Thomas reportedly thought the animal was unusual so he removed it from the water using a net. With the help of his father, Saxon sent the jellyfish to the museum.

"It's a really, really little guy, cute as can be," Queensland Museum jellyfish expert Dr Lisa-Ann Gershwin said on Thursday.

Despite concerns associated with its deadly cousin, C. saxoni is reportedly not as lethal since the kind of sting that it could generate would most likely be very mild due to its relatively small size.

"I don't think we have any reason to believe that it's lethal. We haven't done the testing to know for sure. It's so small, and the type of sting that it would be able to give would be very minor," said Gershwin.

"I mean it probably hurts, but that's about it," she added.

"We don't think this one is deadly because no one has ever turned up dying from it, and it's rare," Ekins also said. "But that doesn't mean it won't give someone a very nasty shock."

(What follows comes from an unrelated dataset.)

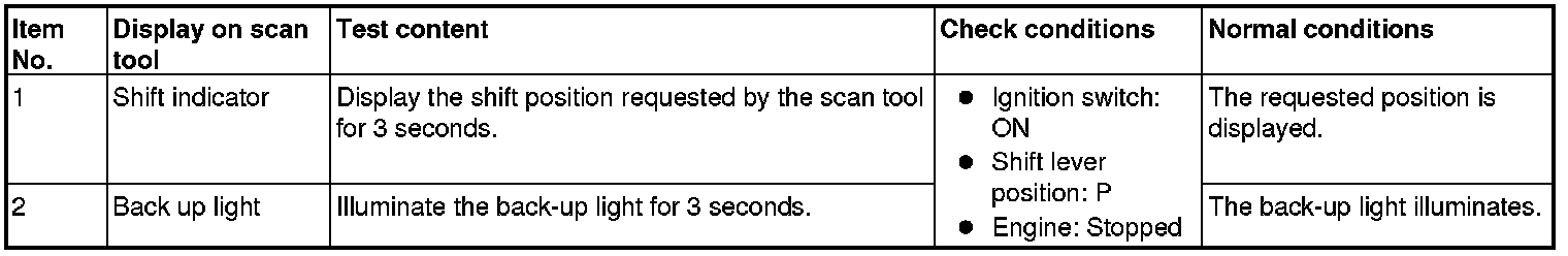 (ACTUATOR TEST REFERENCE TABLE)

Gershwin however, cautioned that the discovery of C. saxoni could mean that bigger and potentially deadly box jellyfish usually found in northern Australia waters are on the rise, as per China.org.cn.

"The ecology of this species appears to be similar to the deadly box jellyfish," she warned. "If the pygmy box jellyfish can survive and thrive at the Gold Coast and Sunshine Coast in the canals, I think this really give us probably a good hint that so can the deadly one."

Nonetheless, Gershwin is thankful that Saxon was able to discover the new box jellyfish species, Abc.net.au reported.

"I'm really grateful to Saxon for having been so observant and so persistent about getting this species brought to scientific attention," she said."It's absolutely exciting to have a new species ... and it was found by a young boy who was super keen, super observant and super enthusiastic.

Normally found in waters about 1,400 km away, the lethal box jellyfish are usually sighted between the months of November and May.